Перейдя в гостиную, заговорили о дуэлях. Никита горячо утверждал, что допускать сомнений в своей порядочности не следует, но, однако же, дурно опускаться до неразборчивого бретерства и ездить на дуэли, как в собрание, для развлечения. Алексей Горяинов-сын возражал, что всякие «мальчишки», штатские особенно, привыкли видеть в отказах от дуэли слабость, а потому «никакого уважения не будет». Горяинов-старший порывался поведать о давнишней своей дуэли с поручиком Несвицким из-за какой-то m-lle Рамон, но был в самом начале остановлен Матреной Ивановной. Артамон сперва поддержал Никиту, а потом сам признался, что в четырнадцатом году, в Париже, в одном небольшом собрании, чуть не вызвал своего сослуживца переведаться на саблях из-за того, что тот залил ему мундир вином. Иными словами, в гостиной было весело.
Артамон более уж не возобновлял разговора о совершенстве, но рядом с Верой Алексеевной, видимо, чувствовал себя покойнее и не боялся испортить впечатления. Впрочем, слушать его было занятно; окружающие смеялись не умолкая. Дар наблюдательности у него был развит сильно: он очень верно, на смеси французского с немецким, представил ссору эльзасских крестьян, потом еврея-часовщика, потом принялся рассказывать, как во Франции ловят певчих птиц. «Я в каком-то героическом рассказе вычитал – изображено, как соловей поет: „Fier, fier, osez, osez[3]“. По-моему, так это нарочно выдумано. Вера Алексеевна, а по-вашему, на что похоже? У нас няня говорила, соловей поет: „Чего надо, старичок, чего надо, старичок?“ – а бонна по-другому: „Je t’aime, je t’aime, toi, toi![4]“».
Матрена Ивановна слушала разговоры молодежи и благосклонно улыбалась.
Возвращаясь от Горяиновых, Артамон зазвал Никиту ночевать к себе (брат Александр Захарович куда-то зван был в гости). Ему не терпелось узнать, какое кузен составил мнение о нем, да заодно и проверить свое впечатление.

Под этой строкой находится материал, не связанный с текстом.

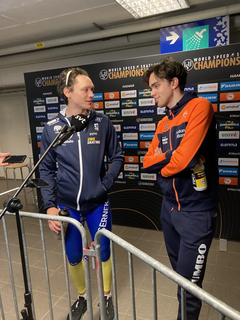 Mooi onderonsje in de catacomben van het Noorse ijsstadion. Terwijl de enthousiaste Noren nog een keer de kelen schrapen om hun landgenoten (inderdaad) naar de wereldtitel op de teamsprint te schreeuwen, verschijnen Nils van der Poel en Patrick Roest voor de camera van een Zweeds tv-station. De winnaar van de vijf kilometer wordt gevraagd hoeveel seconden voorsprong zijn Nederlandse tegenstrever moet hebben voor de tien kilometer van zondagmiddag. "Met twintig seconden kan hij het redden, denk ik", antwoordt Van der Poel met een stevige grijns op zijn gezicht. "Maar dan moet hij de race van zijn leven rijden en ik gewoon een goede wedstrijd. In dat geval is er nog een kans voor Patrick. Is het negentien seconden, dan kan hij het vergeten."

– Ну что, Никита, прошел я испытание?
Никита смерил родственника задумчивым взглядом.
– Ты, кажется, искренен и умеешь заражать… думаю, ты можешь быть нам весьма полезен. Однако ж каковы провинциалы! глупы как пробки. Все без исключений, даже и молодые. Пожалуй, дальше ездить к ним – только время терять. Закормят, заласкают и всё смотрят, как бараны. Ты там хорошо сказал, про честь выше присяги… а им и это как с гуся вода! Пожалуй, только в конце тон немного испортил, когда пустился в любезности, а так с отличной стороны себя выказал.